Value "Cost is king," said Hines & Co.'s Maha Hartary. "The first question [from clients] is 'How much?'"

Similarly, Thibaut's Chris Kohnen said: "People are looking for value — they're more price-conscious than they have been in the past, which is why lines with a good price-point like Thibaut are doing well."

But cost can't be at the expense of durability, style, environmental friendliness and the many other elements that make up the value proposition. More than just price is influenced by the slumped economy and resulting malaise — we're seeing a real shift in the styles, colors and materials people are buying.

Color Because colors tend to be more "in" today and "out" tomorrow than other elements of home decor, color trends always fascinate me. According to Pamela Shapiro, director of textile sales for the WDC's Rist Corp., "The economy has people wanting colors and forms that are happy and fresh. People are gravitating away from earth tones — they want color that pops."

Based on what designers are looking for right now, Hartary says, "soft natural palettes are in."

What colors specifically?

"Yellows and grays," says Osborne & Little's Porcia Woo, and, adds Stark's Carol Forbes, greens, golds, and pinks.

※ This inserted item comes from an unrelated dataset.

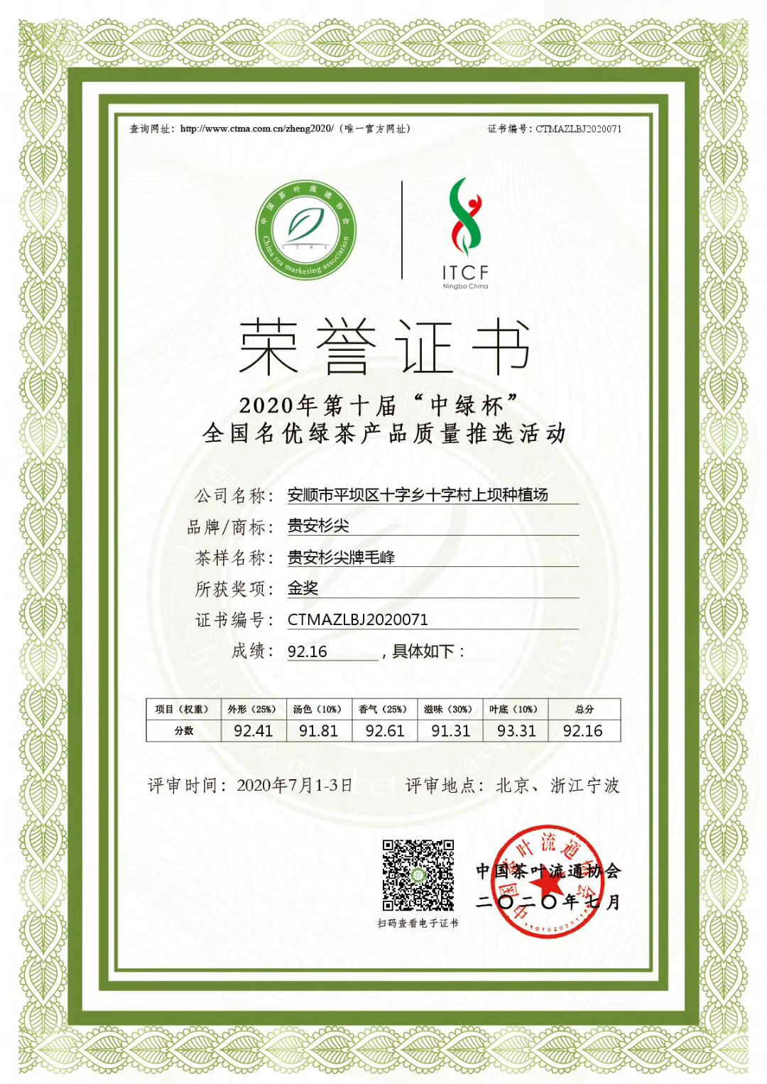 2017、2018年在贵州省“黔茶杯”中获一等奖,2019年获特等奖

Florals Home interiors are more than just color. Textures, sheen, pattern, and contrast are just some of the many other elements that combine to make great spaces. Earlier this year, we forecasted the floral print comeback in Chesapeake Home, so I was particularly satisfied to see lots of really beautiful floral patterns at the trunk show.

"Not your grandmother's florals, though," says Shapiro. "These patterns have big bold repeats. People find florals very refreshing and uplifting — it's also about bringing the outside in."

Woo confirms, "Osborne & Little is presenting lots of florals with large repeats. They make rooms seem bigger versus the small patterns. And they hold up to tall rooms with tall windows and ceilings."

Natural and eco-friendly materials Just as color patterns and motifs are trending "natural" right now, so too are the raw materials. Every rep I chatted with mentioned the demand for natural fibers — wool, linen, cotton, silk, even bamboo.

Similarly, anything environmentally friendly or sustainable is trendy.

"People are really jumping on the green bandwagon," says Shapiro. "They're asking about durability, sustainability, types of dyes, where fabrics are from," she says. "Younger clients especially are more interested in this than older clients, but once you bring it to a client's attention, they realize it's very durable, and as long as they're beautiful, the attitude is 'why not?.' "

Durability On the flip side of both the eco-friendly and value coins, durable materials will save you money and reduce trash in the landfill because they don't need to be replaced or thrown away as often. What's more, highly durable materials are becoming popular because the way we live has changed. Open floor plans and more casual interiors mean that there aren't many rooms in the house off-limits to kids and pets.